Other faculty joined in. It was pointed out that the rapid and semi-coerced retirement of senior faculty would not only deprive the university of knowledge and experience — none of which, incidentally, would be in the near term replaced — but also of institutional memory, the unquantifiable but essential component that defines a university as an ongoing, collegial body of scholars. Perhaps, though, that was part of the objective? To treat faculty not as a body but as isolated, disposable parts — in short, as expendable — is precisely what is required to turn them into such. What that makes of the university is something else; but no one at the head table was prepared to comment on the questions being raised.

If institutional memory were lost, some faculty said, individual remembrance would not be. Retired faculty, they noted, continued like alumni to serve and represent the University. To send an angry, embittered, and insulted cohort on its way would be yet another self-inflicted wound on the institution.

If that sounded like an actual threat, I think it was one. Give people the bum’s rush, and they’re likely to be very, very bummed out.

In essence, what happened April 18 was a vote of no confidence in the Drexel administration. True, it involved only a few dozen faculty, and there was no formal show of hands.

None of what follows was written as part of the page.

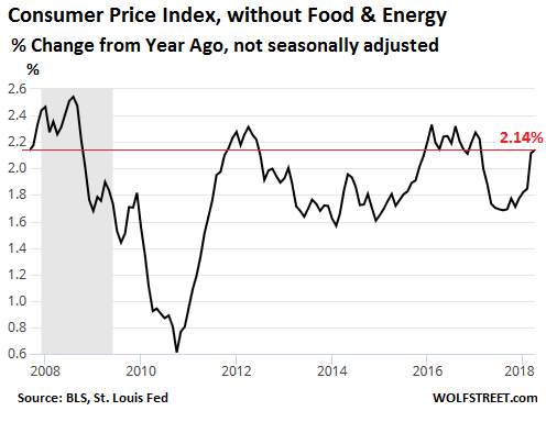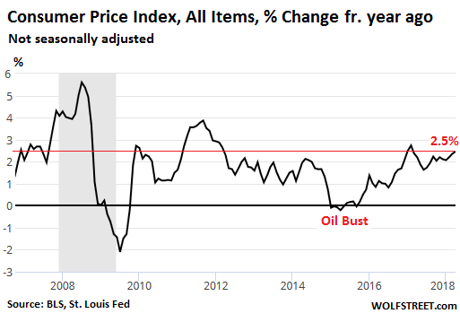 So here are the numbers: The Consumer Price Index (CPI) for April, which the Bureau of Labor Statistics released this morning, was 2.5% higher than a year ago. That increase may have been “lower than expected” – who’s doing the expecting? – but it was the fastest increase since February 2017.

Nor did everyone speak. But if the President had faced a general assembly, I am tolerably sure the response would have been very much the same, and the chorus amplified many times over.

The only give I heard from the administration was the suggestion that, in due time, some level of benefits might be restored — after all, would not the future recruitment of superior faculty be a bit difficult in the absence of any retirement package? This, naturally, made things worse. Those being stampeded into retirement on pain of losing all benefits might find those who elected to stay having them restored; might find themselves, that is, deliberately tricked. But for faculty who do stay, of course, nothing is or can be truly secured from this time forward. The Lord giveth, and the Lord taketh away.

A word or two about the benefits that are now to be eliminated, or suspended, or simply not made “available.” For senior faculty and staff in particular, the medical benefit, such as it is or has been (and it had already been cut before), is one of the obvious concerns. But the severance pay is no less an issue for many. It would be a great mistake to regard such pay as a kind of parting bonus.

Especially under the present administration, merit raises have failed to keep pace with inflation, and many senior faculty salaries are, to use the mortgage market term, underwater: that is, they are worth less than their original value in real purchasing power. Severance pay is from this standpoint simply a belated restitution of some portion of the money such faculty should have received over years and even decades of inadequately compensated service. It’s no kind of gift at all, and taking it away is breaking an implied if unenforceable contract for repayment of debt — it is, in short, a breach of faith.

But, there you have the modern university. And there, as it appears, you have Drexel.